How Does ABS Systems Work?

The antilock brake system or the ABS control unit helps to maintain control and directional stability of an automobile in case of extreme braking circumstances. This is achieved by controlling the rotational speed of every wheel by metering the brake line pressure at the time of extreme braking. The system works on most types of road surfaces and decreases the risk of an accident and severity of an impact. Research has shown that an antilock brake system can decrease the chance of a vehicle accident by 18%. ABS brake systems were introduced in the late seventies and have enjoyed great technological advances since that time.
Not only does ABS provide non-skid functionality but it also supports electronic stability control, brake assist, traction control, etc. Recently, additional sensors have been added to the system, gyroscopic sensors and steering wheel angle sensors. Both synchronize to match the direction of the car with the direction of the steering wheel. The wheel angle sensor also helps the ABS system control the outer wheels to have a more positive braking effect when compared to the inner wheels on the curve.
An anti-lock brakes system (ABS) is an important tool to help drivers slow down when they need to stop quickly on a slippery surface. Anti-lock brake systems work every winter to help prevent many car accidents from occurring. Most new cars now automatically come with ABS as a standard safety feature. Though anti-lock brakes do not completely prevent all car accidents, they do contribute to the overall safety of vehicles on slippery surfaces.
ABS systems contain a controller that functions as a computer.
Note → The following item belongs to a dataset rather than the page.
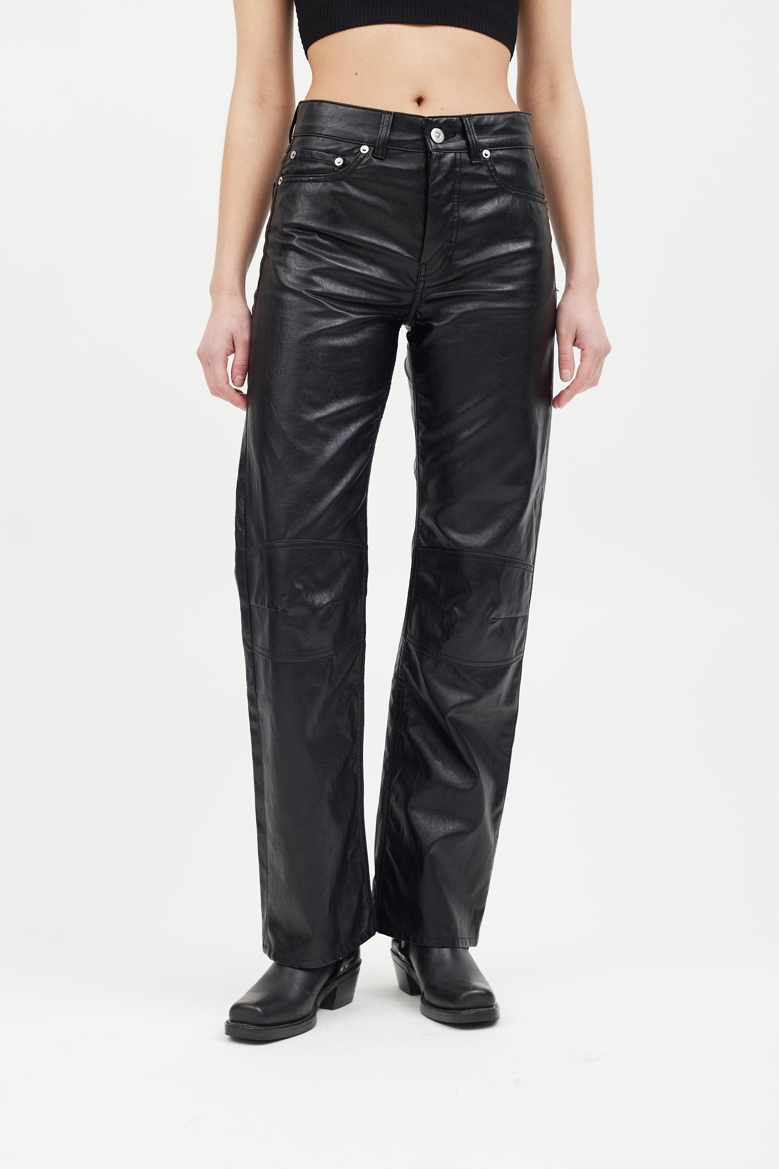 Pre-owned Our Legacy black faux leather Linear Moto pants featuring five pocket styling, belt loops, button fly, knee panels, and clear jacron patch at back.

Controllers measure speed and control the valves and pump of the ABS system. If the controller senses a difference in wheel speed in the speed sensors, the ABS overrides your pressure on the brake pedal. This complicated process begins with detection at your computer and speed sensors. The computer evaluates the speed of the slipping wheel and controls the valves to provide a measured response. The controller evaluates wheel speed and rotation as well as continuity between the wheels.
The ABS assembly is made up of a central electronic unit, four solenoid valves and two or more electric hydraulic pumps. The function of the electric hydraulic pump is to supply brake fluid pressure to the braking system by forcing hydraulic pressure to a reservoir located in the accumulator. The four solenoid pressure valves control brake fluid pressure for each individual wheel. During an ABS operation event, one or more of the solenoid valves dump brake line pressure to a particular wheel allowing it to start turning.
Based on this evaluation, the controller decides whether the car can regain control without ABS, if the system requires complete takeover to return control to the car, or if the valve should release pressure to return the brake system to normal. The controller performs this assessment within seconds.
Valves control the amount of fluid available to the lines and brake system. Once the controller tells the valves of the ABS that the system needs to control the skid, this engages a pump on the ABS. The pump releases and applies variable pressure to the braking system to stop the car or regain traction. The pumping system also varies the application of the brakes at a rate to control the skid.
If multiple wheels lose control, the controller sends different messages to each wheel based on its assessment of stopping requirements. ABS varies the rate of brake application based on information collected from the wheel sensors. ABS automatically applies the brakes based on each individual wheel evaluation to reestablish control.
ABS pumps your brakes at a much greater speed that humanly possible. This feels like a pulsing in the brake pedal when ABS is engaged. Some ABS systems can apply brakes up to 30 to 40 times per second, much faster than humanly possible.
Activating your ABS system temporarily prevents the initiation of regular braking. As soon as the ABS system gains traction, the controller notifies the valves to release pressure from the brake lines. This restores the normal braking system to the vehicle. The pump restores normal pressure to the brake lines after application of the ABS.
Squealing brakes is an indication of a problem with the brake system. Most of the time a squealing noise can be a warning that the brake pads are worn down and need to be replaced. Other causes can be overheated brake pads or rotors. Sometimes rust can get impregnated on the brake lining material and cause grumbling or squeaking noises. When cleaning brake components prior to service precautions must be taken. Most brake systems contain microscopic fibers that are extremely hazardous to your health. While cleaning with brake system cleaner there is an increased chance of inhaling these fibers that accumulate on the brake components. Cleaning should be done in a well ventilated area, use an air filter respirator if possible for best results.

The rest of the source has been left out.